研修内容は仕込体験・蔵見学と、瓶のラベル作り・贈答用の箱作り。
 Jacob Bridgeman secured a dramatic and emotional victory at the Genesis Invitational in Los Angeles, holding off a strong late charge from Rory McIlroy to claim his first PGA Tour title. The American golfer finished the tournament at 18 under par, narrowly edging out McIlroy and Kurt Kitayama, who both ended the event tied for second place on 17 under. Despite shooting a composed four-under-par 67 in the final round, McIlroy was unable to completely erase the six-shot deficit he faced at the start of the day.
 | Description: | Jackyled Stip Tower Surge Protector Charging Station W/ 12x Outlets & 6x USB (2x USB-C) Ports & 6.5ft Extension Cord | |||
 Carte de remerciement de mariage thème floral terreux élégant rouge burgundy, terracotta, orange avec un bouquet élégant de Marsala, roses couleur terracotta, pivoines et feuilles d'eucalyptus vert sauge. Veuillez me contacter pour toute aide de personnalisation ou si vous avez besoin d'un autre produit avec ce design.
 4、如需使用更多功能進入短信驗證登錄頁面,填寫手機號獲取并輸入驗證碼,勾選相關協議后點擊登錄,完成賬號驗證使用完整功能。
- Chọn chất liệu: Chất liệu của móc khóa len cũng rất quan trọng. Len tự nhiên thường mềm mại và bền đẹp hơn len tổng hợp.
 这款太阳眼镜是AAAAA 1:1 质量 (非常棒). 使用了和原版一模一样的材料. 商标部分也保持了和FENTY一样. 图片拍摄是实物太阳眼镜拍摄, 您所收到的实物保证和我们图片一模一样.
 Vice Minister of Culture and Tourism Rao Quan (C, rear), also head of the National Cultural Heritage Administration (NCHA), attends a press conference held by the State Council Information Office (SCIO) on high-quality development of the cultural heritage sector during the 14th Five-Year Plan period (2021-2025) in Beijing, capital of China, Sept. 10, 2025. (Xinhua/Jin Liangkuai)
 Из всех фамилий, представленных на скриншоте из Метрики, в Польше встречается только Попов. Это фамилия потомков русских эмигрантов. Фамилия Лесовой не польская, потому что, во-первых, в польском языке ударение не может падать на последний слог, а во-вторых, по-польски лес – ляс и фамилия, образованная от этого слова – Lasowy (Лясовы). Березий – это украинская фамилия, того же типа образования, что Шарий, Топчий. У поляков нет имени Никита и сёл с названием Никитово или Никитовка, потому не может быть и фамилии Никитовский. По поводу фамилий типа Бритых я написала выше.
==
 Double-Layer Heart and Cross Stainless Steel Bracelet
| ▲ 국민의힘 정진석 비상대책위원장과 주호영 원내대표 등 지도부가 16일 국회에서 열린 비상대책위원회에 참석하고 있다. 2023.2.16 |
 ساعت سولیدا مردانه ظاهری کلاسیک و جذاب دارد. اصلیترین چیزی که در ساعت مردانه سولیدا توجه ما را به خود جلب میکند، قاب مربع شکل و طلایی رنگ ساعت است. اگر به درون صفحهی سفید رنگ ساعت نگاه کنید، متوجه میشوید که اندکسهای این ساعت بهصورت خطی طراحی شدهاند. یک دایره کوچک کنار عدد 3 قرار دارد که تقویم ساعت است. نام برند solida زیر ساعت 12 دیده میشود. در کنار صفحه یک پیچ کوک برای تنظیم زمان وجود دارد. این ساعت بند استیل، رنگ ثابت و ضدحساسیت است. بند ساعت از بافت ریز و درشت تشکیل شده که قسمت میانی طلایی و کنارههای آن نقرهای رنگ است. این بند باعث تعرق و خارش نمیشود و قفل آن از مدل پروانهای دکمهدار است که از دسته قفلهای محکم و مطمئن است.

- _WHAT THE TASK REQUIRES_
What is asked for is an exact copy of the lines above from the one containing "- Chọn chất" through the one containing "这款太阳眼镜是AAAAA 1:1 质量", and only those.

- _TASK RESPONSE_
- Chọn chất liệu: Chất liệu của móc khóa len cũng rất quan trọng. Len tự nhiên thường mềm mại và bền đẹp hơn len tổng hợp.
 这款太阳眼镜是AAAAA 1:1 质量 (非常棒). 使用了和原版一模一样的材料. 商标部分也保持了和FENTY一样. 图片拍摄是实物太阳眼镜拍摄, 您所收到的实物保证和我们图片一模一样.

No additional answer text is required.